Für viele jamaikanische Männer ist die Anschuldigung, schwul zu sein, die grösstmögliche Beleidigung. Dementsprechend wurden bei der letzten Wahlkampagne gegen alle politischen Führer entsprechende Vorwürfe von der Gegenseite erhoben.
In Jamaika ist homosexueller Geschlechtsverkehr ein Verbrechen. Analverkehr wird mit bis zu 10 Jahren Gefangenschaft mit harter Arbeit bestraft. Treffen kann das jeden, denn definiert wird das von jedem Polizisten selbst. So mancher landete in der Vergangenheit schon im Gefängnis für Händchenhalten, beschuldigt wegen grob unsittlichen Verhaltens. Wer 'batty boy' oder 'chi chi man' genannt wird, muss mit dem Schlimmsten rechnen.
Nachdem David einmal in einer Cruisinggegend ein Messer in den Rücken gestochen worden war, weigerte sich die Taxifahrer, "the faggot" ins Krankenhaus zu transportieren.
Eine der einflussreichsten Radiotalkshows des Landes hetzte kürzlich: "Sie möchten unsere Kinder verderben und ihnen erklären, ist sei o.k., unmoralisch und eklig zu leben". Jamaikas Präsident P.J. Patterson setzte letztes Jahr den Ausschluss von Schwulen bei den Pfadfindern durch und erklärte weiterhin, mit seiner Regierung werde es die von "Amnesty International vorangetriebene Legalisierung von Homosexualität" jedenfalls nicht geben. 1997 versuchten Kingstoner Gefängnisbehörden, Kondome an die Insassen zu verteilen. Der Versuch endete in einer Gefängnisrevolte, bei der 16 angebliche Schwule ermordet und 40 weitere ebenfalls angebliche Schwule verletzt wurden.

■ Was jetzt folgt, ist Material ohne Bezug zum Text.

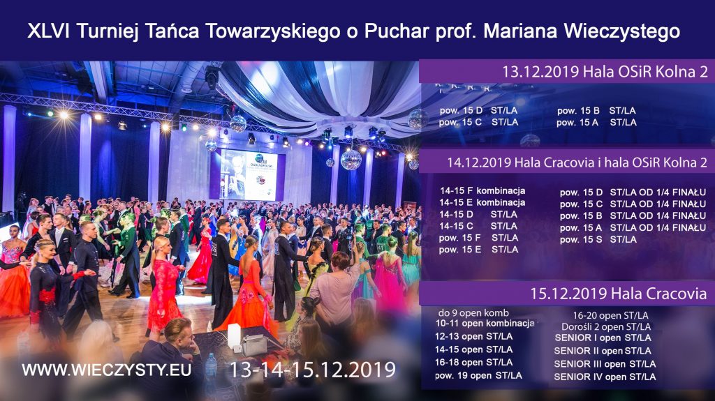 Jak co roku, polecamy Państwu wielkie wydarzenie taneczne jakim jest 46 Ogólnopolski Turniej Tańca Towarzyskiego „O Puchar Prof. Mariana Wieczystego” w Krakowie. To prawdziwe święto tańca – 3 dni eliminacji, emocji, rywalizacji, finałów i sukcesów na parkiecie!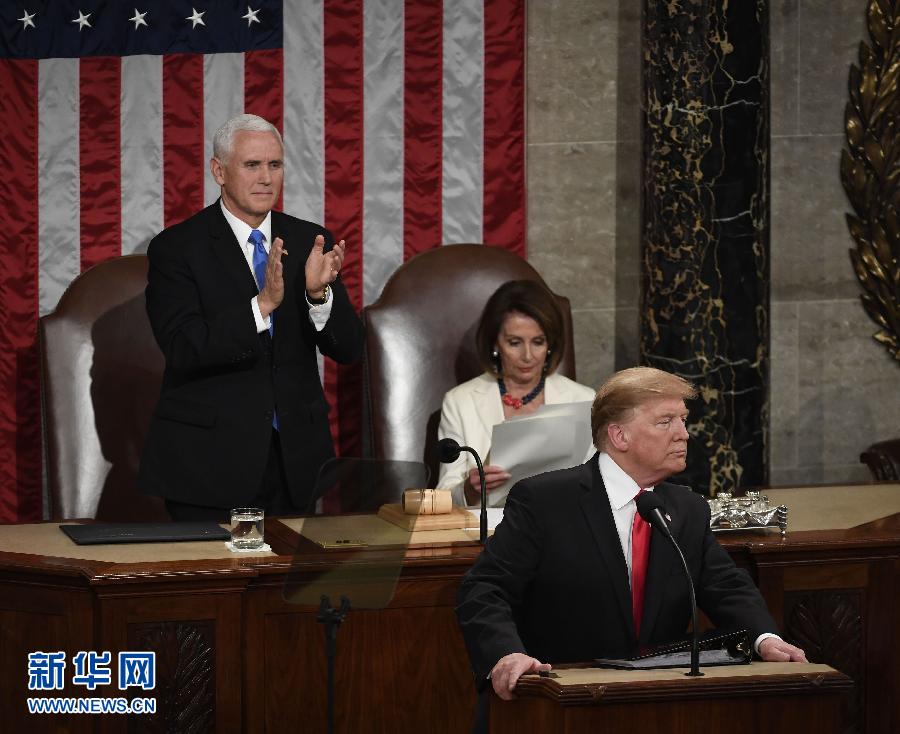 ??? 2月5日,在美國首都華盛頓,美國總統(tǒng)特朗普(前)在國會發(fā)表國情咨文演講。 新華社記者劉杰攝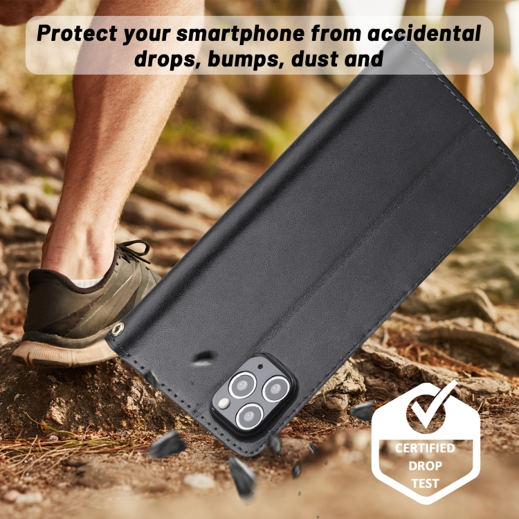 Funda de Teléfono iPhone 11 Pro Max Cuero de Vaca Tejido Liso (Negro)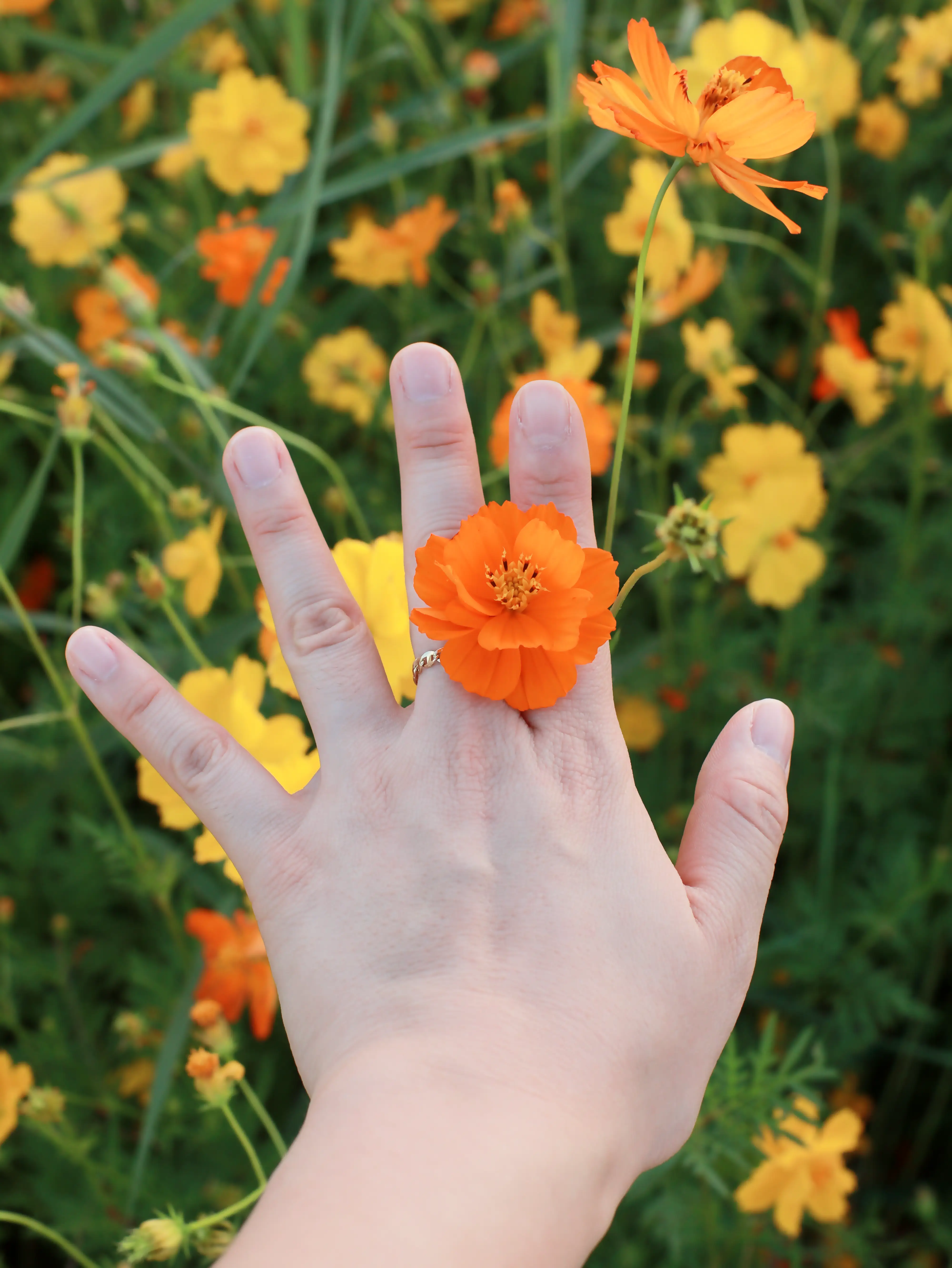 2023년 10월, 양산 황산공원에서 만난 황화코스모스. 노란빛으로 물든 가을 풍경 속에서 손바닥 위에 올린 한 송이가 계절을 기억하게 합니다.

David berichtete über jamaikanische Gefängnisse: Er wurde "des Analverkehrs verdächtigt". Der Polizist stiess ihn in eine Gemeinschaftszelle mit 15 anderen Gefangenen mit den Worten: "Geh rein ‚batty boy" Innerhalb von Sekunden wurde David bewusstlos geschlagen, verlor für immer sein Gehör auf einem Ohr.

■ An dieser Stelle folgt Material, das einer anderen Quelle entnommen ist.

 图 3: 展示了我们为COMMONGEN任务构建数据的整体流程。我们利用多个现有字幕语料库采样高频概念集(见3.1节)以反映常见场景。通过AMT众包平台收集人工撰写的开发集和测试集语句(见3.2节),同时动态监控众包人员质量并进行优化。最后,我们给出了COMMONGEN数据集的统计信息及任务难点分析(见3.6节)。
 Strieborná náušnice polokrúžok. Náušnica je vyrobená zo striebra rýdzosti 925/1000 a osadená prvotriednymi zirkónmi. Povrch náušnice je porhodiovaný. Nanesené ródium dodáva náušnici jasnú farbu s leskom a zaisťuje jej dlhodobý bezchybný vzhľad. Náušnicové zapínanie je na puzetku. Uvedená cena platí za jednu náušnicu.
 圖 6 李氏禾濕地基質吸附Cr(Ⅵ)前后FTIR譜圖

Letzte Woche bekam David in Großbritannien Asyl aufgrund der britischen Einsicht, dass Homophobie in Jamaika eine "Bedrohung" für Leib und Leben darstelle.

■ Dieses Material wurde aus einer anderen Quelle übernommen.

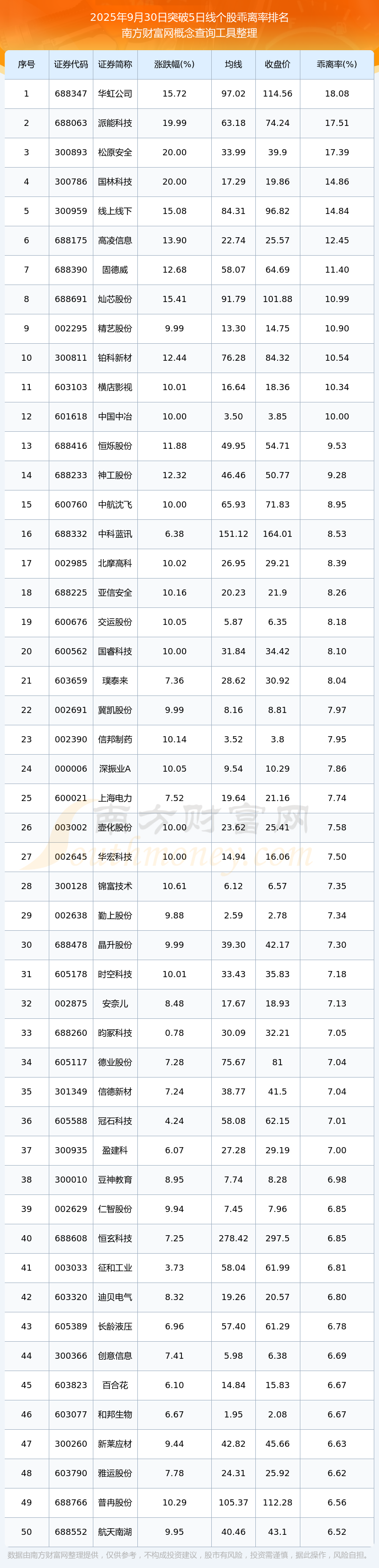 根據(jù)南方財富網(wǎng)概念查詢工具數(shù)據(jù)統(tǒng)計,截止2025年9月30日收盤,共有1271只個股收盤價向上突破了5日線,其中乖離率較大的個股有華虹公司、派能科技、松原安全、國林科技、線上線下等,乖離率分別為18.08%、17.51%、17.39%、14.86%、14.84%。 2025年9月30日突

Übrigens feiert jamaikanische Musik häufig das Schlagen und die Tötung von Schwulen. Anfang der 90er schaffte Buju Banton es mit 'Boom Bye Bye' ganz nach oben in die Verkaufscharts, unter anderem mit den Zeilen: 'Batty boy get up and run ah gunshot in ah head man'. Im März 2001 war T.O.K. acht Wochen lang die Nummer 1 der World Reggae Charts mit "Chi Chi Man". Die Jamaican Labour Party machte den Reggae-Song mit den brennenden Schwulen im Refrain zur Wahlhymne.
Am Rande: Die einschlägige Musikpresse beschwichtigt kritische Reggae-Hörerinnen gerne damit, die Homophobie in den Reggae-Texten sei doch nicht SO gemeint und im Grunde genommen eigentlich nicht ernster zu nehmen als die Gewalt in einem Bond- oder Van-Damme-Film.
Sascha B.: Die Homophobie in Jamaica ist leider nicht vom Rastafari-Movement zu trennen. Im Gegenteil sogar: Die wesentlichen Musiker der Insel, die uns so einflussreiche Stile beschert haben wie Ska, Reggae, Dub, Dancehall... hatten und haben als bekennendende Rastas einen wesentlchen Anteil am "queer bashing". Minderheiten, die es offenbar nötig haben, Minderheiten zu verfolgen, verhalten sich leider nicht rücksichtsvoller als Mehrheiten, die dies tun. Mutig und klasse ist aber das Engagement des Jamaica Gleaner
Falls doch mal einer dahin will: (sven)- Die Schweizer Menschenrechtsgruppe ADHOC Group for Human Rights widmet sich der Verbesserung der Menschenrechtslage auf Jamaika und hat auch einen Tourismusführer in Vorbereitung, der klassische Ferienziele nach Kriterien der Menschlichkeit und Toleranz beurteilen wird. ADHOC ist auch bereit, die wenigen Lokale und Hotels anzugeben, wo Schwule und Lesben auf Jamaika willkommen sind, falls verlässliche Angaben vorhanden sind. www.adhoc-group.org
onair: die rastafari-bewegung hat ihre ursprünge in alttestamentarischen befreiungsvisonen. der exodus der israeliten aus der knechtschaft ägyptens wird nicht nur mit dem auszug der schwarzen aus der knechtschaft der sklaverei verglichen, sondern beides steht für die rastas in einem unmittelbaren heilsgeschichtlichen zusammenhang. von daher ist es nicht verwunderlich, dass die homophophie wie sie gerade in alttestamentarischen gesetzes- und weisheitstexten vorkommt, ein grundsätzliches element ist. die homosexuelle lebensweise ist ein bestandteil der feindlichen kultur, die untergehen wird und die radikal abzulehnen ist. wer auf reggae abfährt, sollte das mal mitbedenken.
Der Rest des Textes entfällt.